Just because someone has 2 dogs and produces pups is not always the best situation...these people, and I am sure they feel absolutely terrible, do not have the knowledge or background to be breeding and these poor babies paid the price. 

Save up, find a good breeder who knows what they are doing and who has proven breeding stock....there are a few breeders up that way with west German showline dogs who should be able to provide you with a nice, stable companion pup

Sorry for your loss of Gizmo :rip:

Lee


----------



## sitstay (Jan 20, 2003)

How tragic! Made even more so by how very avoidable it was.

Good luck in finding a great breeder.

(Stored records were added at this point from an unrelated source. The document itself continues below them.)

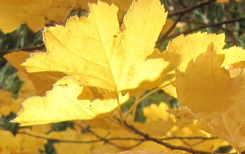 Ich tippe auch eher auf Sorbus torminalis als als auf einen Ahorn. Wenn man sich das linke obere Viertel des Fotos genauer anschaut, scheinen Blattform und Baubstellung dafür zu sprechen.Die gelbe Herbstfärbung mag auf einen schattigen Stand zurückzuführen sein.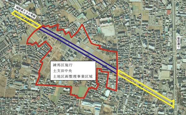 笹目通りから土支田通りまでの区間において、東京都が整備する区間(図中黄色の区間)と、練馬区による土地区画整理事業(図中赤色の区域)により整備する区間があります。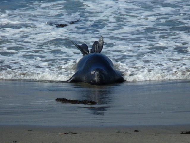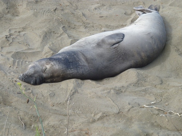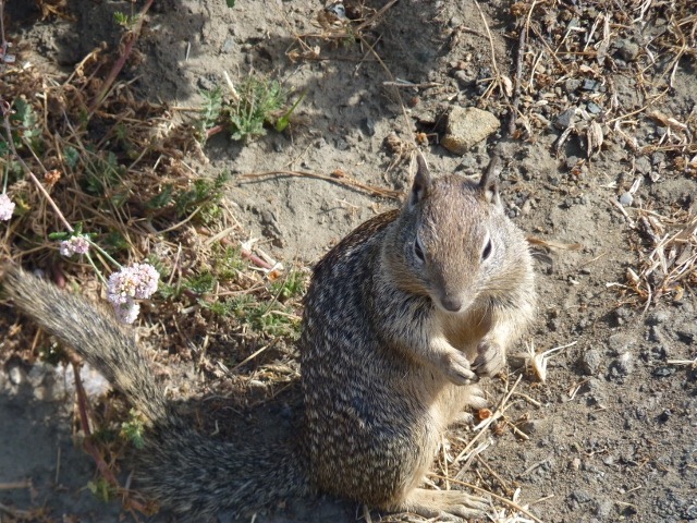 P1000793 (640x480)Etwa eine Stunde nördlich von Morro Bay konnten wir Seelöwen und Squirrels beobachten, die sich auf einer der wenigenP1000798 (640x480) Strände, die selbst heute Sonne abbekamen, breit gemacht haben. Es ist schon putzig, wenn sie sich die Seelöwen mit Sand bewerfen oder anfagen zu klatschen.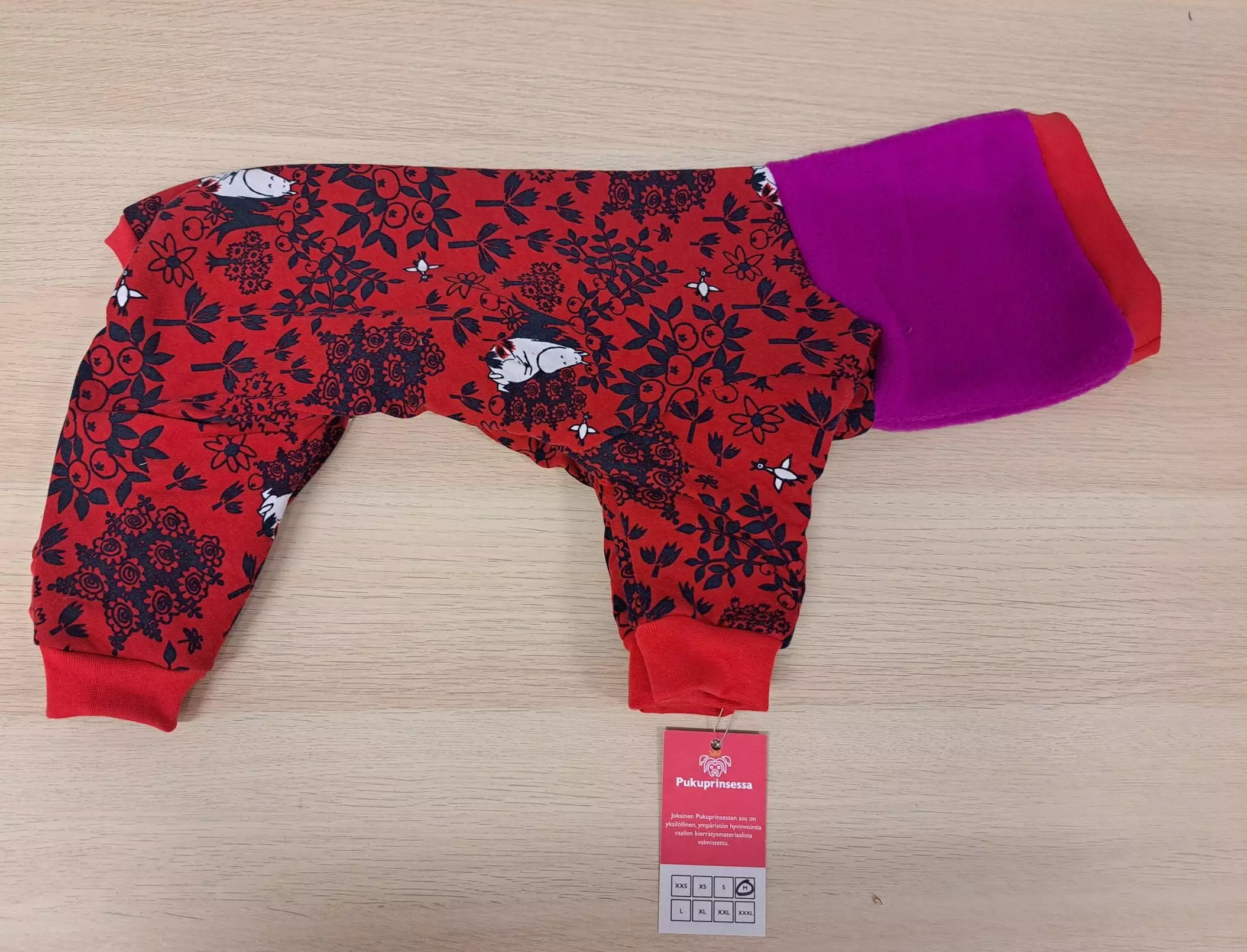 Koirien muumi-kuviollinen trikoohaalari fleecevuorella on Suomessa käsityönä valmistettu, lämpimämpi vaihtoehto viileisiin päiviin. Selän pituus 35cm.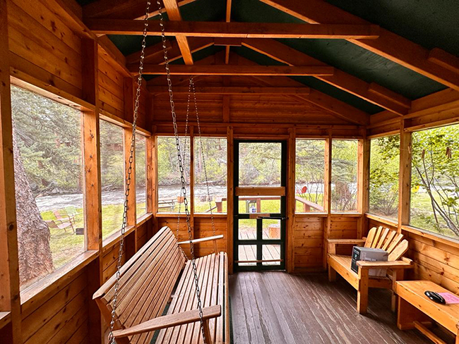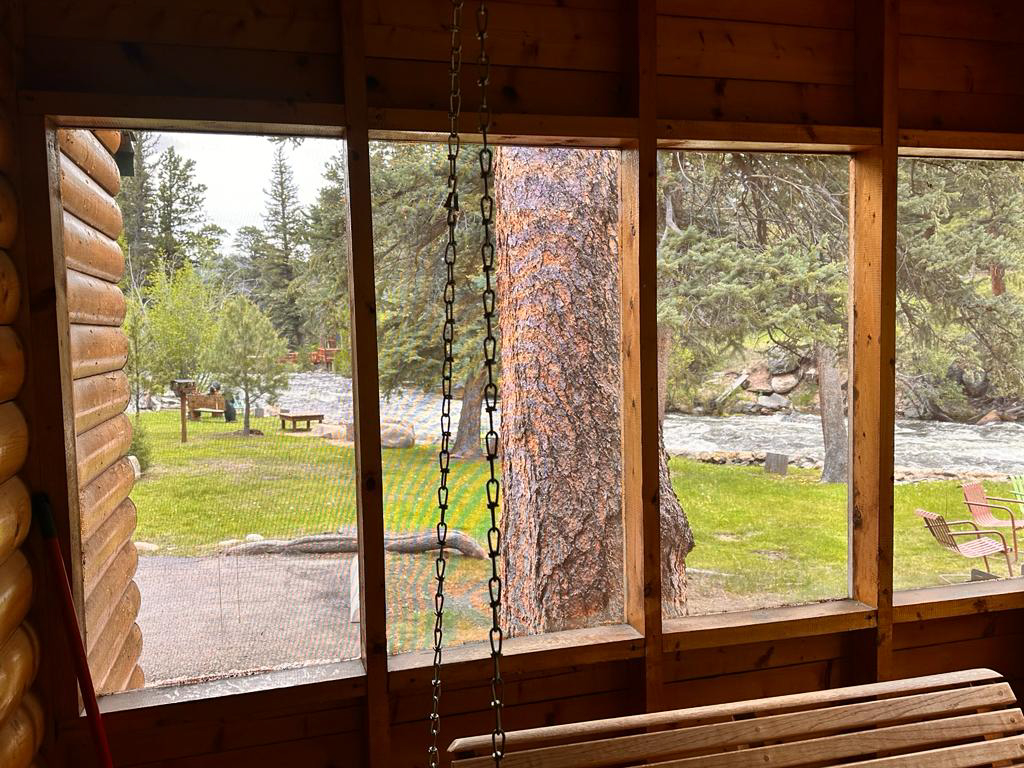 We Four has a fully functional kitchen, living and dining areas, a smart TV to stream your favorite apps, and a screened porch with a swing overlooking the highly audible, fast-moving, Big Thompson River.

They are out there.
Sheilah


----------



## Wetdog (May 23, 2001)

Research your breeders more carefully the next time.

I think it was very careless and negligent of the breeder allowing the puppies to be around a grown male's food dish at that age.

Very sad...............and a wake up call for you to learn more before you select your next puppy/breeder.


----------



## Betty (Aug 11, 2002)

Wetdog said:


> Research your breeders more carefully the next time.
> 
> I think it was very careless and negligent of the breeder allowing the puppies to be around a grown male's food dish at that age.
> 
> Very sad...............and a wake up call for you to learn more before you select your next puppy/breeder.


I concur.

How horrible and how avoidable.


----------